VMware vSphere ESXi 6.0
VMware vSphere ESXi 6.7
VMware vSphere ESXi 6.5

Resolution

 

VMware and Dell|EMC engineering teams have worked closely to develop fixes that will prevent the datastore from being overwritten during an XCopy session. It is recommended to load both the Dell microcode fix and the ESXi patch before re-enabling XCOPY from the host or array.

Patches for ESXi 6.5 and 6.7 have been created that intercepts all attempts to overwrite block 0 on EMC Symmetrix based storage arrays (VMAX/PowerMAX). With the fix, if the array detects an XCOPY attempt to overwrite block 0, the array will reject this attempt and return a custom SCSI sense code to the host. If the ESXi hosts have the patches installed, it will interpret this rejection and fail the XCOPY operation entirely instead of reverting to the software datamover and the XCOPY operation will need to be attempted again.

The Dell EMC fix was released in February 2020 to address this corruption issue. As of May 4, 2020, Dell released microcode enhancement 105521 which supersedes enhancement 104495. This fix is referenced in Dell's DTA 537000: Please read the Dell EMC Knowledgebase article 000002467

VMware has released patches for ESXi 6.5 & 6.7 that protects and reports attempts to alter the VMFS metadata region:

ESXi 6.7: https://docs.vmware.com/en/VMware-vSphere/6.7/rn/esxi670-202004002.html

ESXi 6.5: https://docs.vmware.com/en/VMware-vSphere/6.5/rn/esxi650-202007001.html


Workaround:
Until you are able to install the fix from Dell EMC, the workaround is to disable the VAAI XCOPY feature on the ESXi hosts.

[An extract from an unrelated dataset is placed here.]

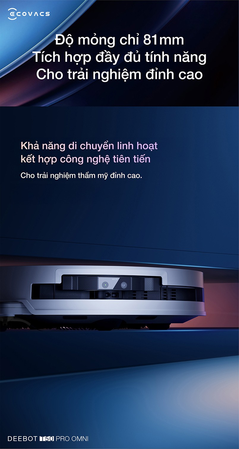 Trong xu hướng thiết kế nội thất hiện đại, đồ đạc thường được đặt sát sàn để tạo không gian thoáng đãng. Tuy nhiên, điều này cũng đồng nghĩa với việc việc vệ sinh những khu vực dưới gầm giường, gầm tủ… trở nên khó khăn. Hiểu được điều này, robot hút bụi lau nhà Ecovacs Deebot T50 Pro Omni ra đời, thiết kế siêu mỏng chỉ 81mm giúp len lỏi sâu hơn để làm sạch kỹ lưỡng từ gầm giường, tủ sofa đến những góc khuất nhỏ nhất đều được vệ sinh, đảm bảo không bỏ sót bất kỳ hạt bụi nào.

To disable hardware accelerated move using the vSphere Web Client, follow the below procedure:
  1. Browse to the host in the vSphere Web Client navigator.
  2. Click the Configure tab.
  3. Under System, click Advanced System Settings.
  4. Change the value for DataMover.HardwareAcceleratedMove to 0 (disabled):
For more information, see Disabling Hardware Accelerated Move (XCOPY) in ESXi (2146567).

Additional Information

Impact/Risks:
VMFS corruption